1. Enrichment efforts begin with reviewing any reference material provided with the CVE record and assigns appropriate reference tags. This helps organize the various data sources to help researchers find the relevant information for their needs. Enrichment efforts also include manual searches of the internet to ensure that any other available and relevant information is used for the enrichment process. NVD enrichment efforts only use publicly available materials in the enrichment process.
2. A common weakness enumeration (CWE) identifier is assigned that categorizes the vulnerability. NVD enrichment efforts use a subset of the full list of CWEs that best represents the distribution of specific types of vulnerabilities. This subset is known as the CWE-1003 view and was created through coordination with the MITRE CWE team.
3. CVSS V3.1 exploitability and impact metrics are assigned based on publicly available information and the guidelines of the specification if a CVSS score has not already been assigned. If an existing score is noticed to not be supported by CVSS guidelines or publicly available information while performing other enrichment activities, an enrichment team member may choose to provide a score. Users of NVD data may also request the NVD to provide a score.

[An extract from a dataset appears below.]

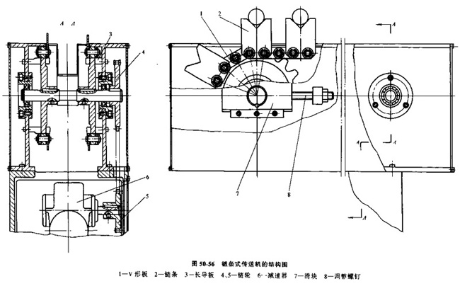 如圖50-56所式,它由兩列封閉式鏈條、鏈輪和驅(qū)動裝置所組成。用于支承工件及定位的V形板1,等距地固定在鏈條2的削軸上,隨同鏈條一起運動。鏈條由電動機通過減速器6和鏈輪5、4傳動,為了防止鏈條下垂,每個環(huán)節(jié)側(cè)面的滾子支承在導(dǎo)板3上,在減速器軸端裝有電磁離合器。用來實現(xiàn)鏈條的準確停止。鏈條的松緊可以通過螺釘8和滑塊7調(diào)節(jié)。

4. A Common Platform Enumeration (CPE) Applicability Statement is associated with the vulnerability. The CPE match criteria are generated to identify potentially vulnerable software and/or hardware for the vulnerability. For example, an application may have several versions affected or must be running on a specific operating system to be vulnerable. Automated processes can reference match criteria within the applicability statements against the CPE dictionary to assist in identifying vulnerable products within an organization’s information system. Every effort is made to identify all vulnerable software, but gaps may exist and feedback is encouraged to improve this information.
5. Enrichment effort results are given a quality assurance check by another experienced team member prior to being published to the website and data feeds.

CVE Maintenance

Once a CVE is published and NVD enrichment is provided, additional maintenance or modifications may be made. References may be added or removed, descriptions may be updated, or a request may be made to have a set of CVE IDs reorganized (such as one CVE ID being split into several). Furthermore, the validity of an individual CVE ID can be disputed by the vendor. The NVD always appreciates and encourages feedback from the community to keep the dataset and CPE Dictionary accurate and current.